La envidia profunda suele ser secreta e inconfesable, porque su carácter es vergonzante para el que la sufre. Es una energía que se oculta en su propia inconsciencia para no tener que pasar por el humillante proceso de ser reconocida y aceptada. El envidioso que no sabe que lo es lo sublimiza con el intenso poder de su ego desgraciado, que vocifera argumentos y juicios para minimizar a como dé lugar la grandeza que ve en el otro, pues esa envidia nace de una autoestima menoscabada y resentida frente a una clase de admiración que no ha logrado digerir.
Esta envidia huérfana es la más amarga de todas, porque quien debe hacerse cargo de ella la niega con todo su ser ante la incapacidad de llamarla por su nombre. Así es como se enquista y se desarrolla en un lugar inhóspito del alma, para luego salir a la luz de la conciencia bajo otras fisionomías, incluyendo la de la locura y la enfermedad física.
En la superficie, la envidia se traduce en no soportar que el otro se merezca lo que yo creo merecer con iguales o mayores méritos, en detestar que consiga lo que, según mi mezquino punto de vista, no es digno de él. Este extrañísimo pero tan corriente drama humano deposita en ese otro una de las claves que revelan su origen.

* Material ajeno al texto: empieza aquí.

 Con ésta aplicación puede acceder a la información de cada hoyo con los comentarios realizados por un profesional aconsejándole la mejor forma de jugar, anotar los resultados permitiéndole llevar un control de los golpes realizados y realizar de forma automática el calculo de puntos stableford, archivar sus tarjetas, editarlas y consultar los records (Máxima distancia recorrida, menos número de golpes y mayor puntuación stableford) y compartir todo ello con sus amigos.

Es muy probable que ese al que íntimamente me cuesta concederle sus créditos simbolice mucho para mí; quizás sea un ídolo oscuro en mi santuario, a quien yo, en el puro fondo, quiero parecerme. El envidioso se siente denigrado por ese anhelo y se desprecia a sí mismo; de otro modo el odio y el ardor que se suscitan no serían tan corrosivos. Ver esta verdad es lo más duro para una persona que está ciega de envidia, pero, con seguridad, es el principio para salir de un estado que no deja tener paz de espíritu.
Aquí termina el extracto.